34 Combiner- Full Attention Transformer with Sparse Computation Cost

1. Read the title and make an opinion of what’s in the paper (e.g., the area, the task)

Combiner: Full Attention Transformer with Sparse Computation Cost

Year: 2021

The paper is clearly addressing the computation cost of Attention within the Transformer architecture. It also looks like they achieve Full Attention at the cost of Sparse Attention.

Very cool!

2. Read the abstract well and form a hypothesis of

What’s new in the paper?
Do you have a clear overview about what the paper is all about?

The key limitation of transformers is their quadratic memory and time complexity $\mathcal{O}(L^2)$ with respect to the sequence length in attention layers

This $L^2$ expansion restricts use of long sequences in Transformers. The BERT architecture restricts the sequence length to 512 to limit this expanse and keep the calculations tractable.
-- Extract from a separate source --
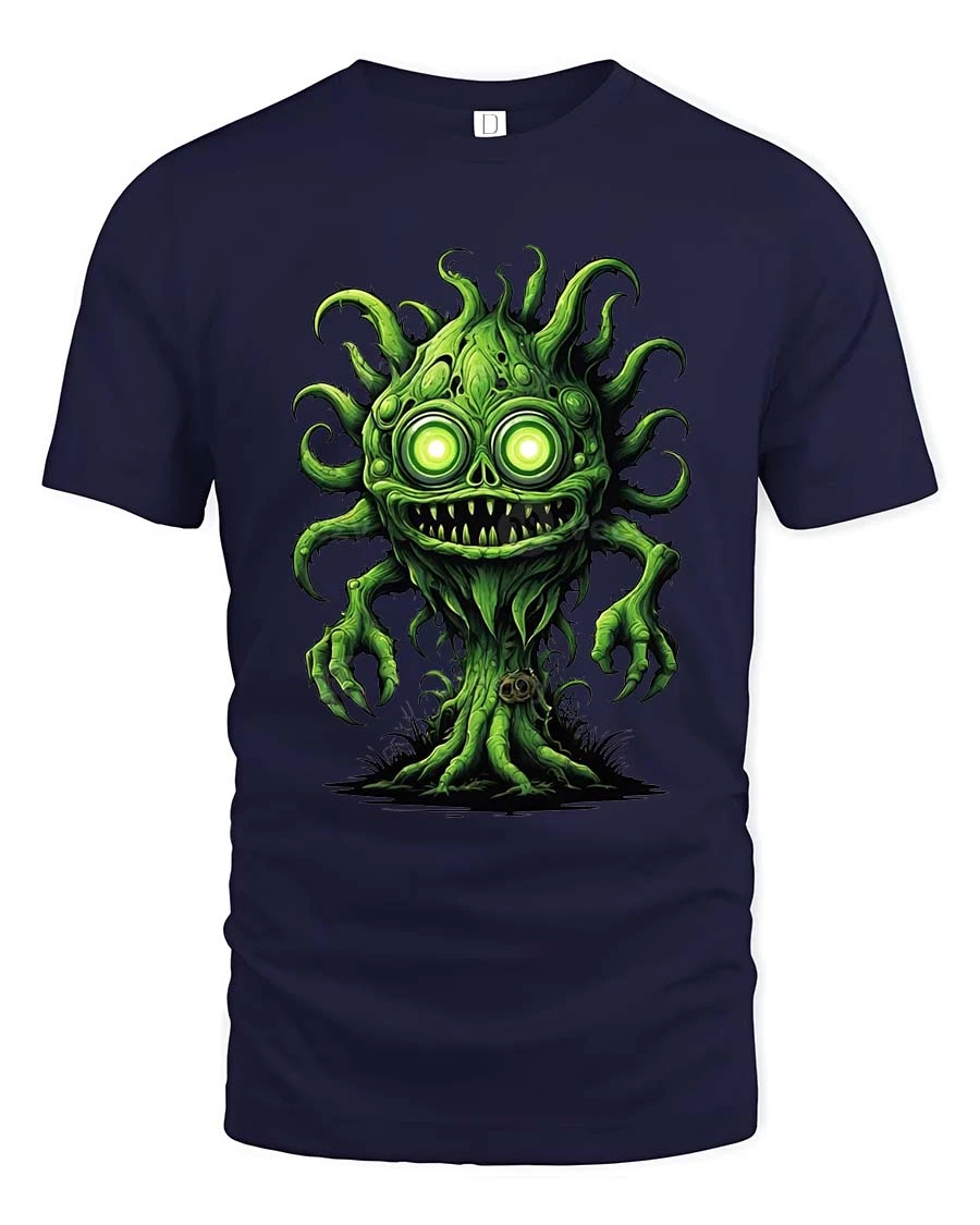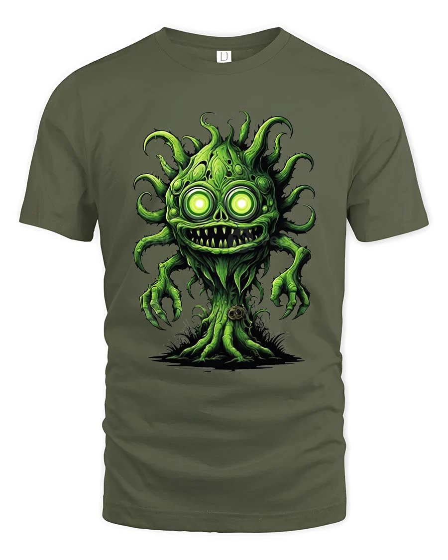 Creepy Green Monster Tree Cartoon Horror Graphic T Shirt features a wild fantasy creature that blends spooky horror style with playful cartoon design.

There have been numerous attempts of addressing this issue with Sparse Attention mechanisms, which do not attend to every token, but take a sparsity approach.

We propose Combiner, which provides full attention capability in each attention head while maintaining low computation and memory complexity.

This looks like an upgrade in both directions: a complexity upgrade over Full Attention, and an expressivity upgrade over Sparse Attention.

The key idea is to treat the self-attention mechanism as a conditional expectation over embeddings at each location, and approximate the conditional distribution with a structured factorization.

This is clearly what is new in the paper. It is not clear to me exactly how the distribution helps, or what it conveys.

Each location can attend to all other locations, either via direct attention, or through indirect attention to abstractions, which are again conditional expectations of embedding from corresponding local regions.

Does this somehow merge multiple embeddings, or does it select the most probable out of a list of candidates? I am able to see if this abstraction layer exists, you can spread out your attention fully.

3. Look at the images and extract a set of “questions” about what is not clear about their method from the images. Now your job is to answer these questions by reading the paper.

Figure 1 is clearly showing the difference between full attention (via their method) and sparse attention above. It seems that the local expectation takes on a single embedding, but does so at via a distribution, or choice over multiple tokens.

fig1

Also, it looks like there is an additional dimension of complexity when moving to images because you have a two dimensional image that you can attend to.

fig2

4. Read the method aiming to answer your “questions” about the paper. Focus on understanding only the things relevant for the story (i.e., to understand the contribution).

Ok, I’m going to try to understand Attention as conditional expectation:

From the original Transformer Paper, we have the attention mechanism:

A_{h}(X)=\operatorname{softmax}\left(\frac{Q_{h}}{\sqrt{d}} K_{h}^{\top}\right) V_{h},\left\{Q_{h}=X W_{h}^{Q}, K_{h}=X W_{h}^{K}, V_{h}=X W_{h}^{V}\right\} \in \mathbb{R}^{L \times d}, (1)

which is a scaled ( $\f{}{\sqrt{d}}$ ) dot-product $(Q\cdot K)V$ attention.

They explain:

For a position $i ∈ [L]$ , the attention formulation (1) can be viewed as conditional expectation of rows in $V$ . Specifically, since softmax outputs a probability distribution, we can rewrite (1) as

A\left(x_{i}\right)=\mathbb{E}_{p(j \mid i)}\left[v_{j}\right], \quad p(j \mid i)=\frac{1}{Z\left(x_{i}\right)} \exp \left(\frac{q_{i}}{\sqrt{d}} k_{j}^{\top}\right)

The complexity of $p(j|i)$ is the bottleneck of the computation for $A(x_i)$

The main idea in Combiner is to exploit a hierarchical structure for conditional probability modeling in the equation above.

There are a lot more details in their method I don’t have time to write on.

5. Read the experiments to convince you that the show results are caused by their claim. Be aware that the experiments highlighted are the best scenarios and are fully hyper-parameter tuned.

They do appear to show good results, with some cases that BigBird is able to surpass them give a certain seq length (2k), but once increased to 8k they are able to show SotA results.

tab2

I am not as familiar with their experimental datasets, so it is hard to judge what they impact of their changes are in relation to other changes I’m familiar with. However, they are able to produce very good number, with a compelling argumentation on how to supplement attention.

6. Make sure you answered all your questions. Did the authors convince you that their story has the effect that they claim?

They did convince me. I think this will be a valuable paper in the future, and the next step of being able to apply the Transformer architecture to more and more subdomains.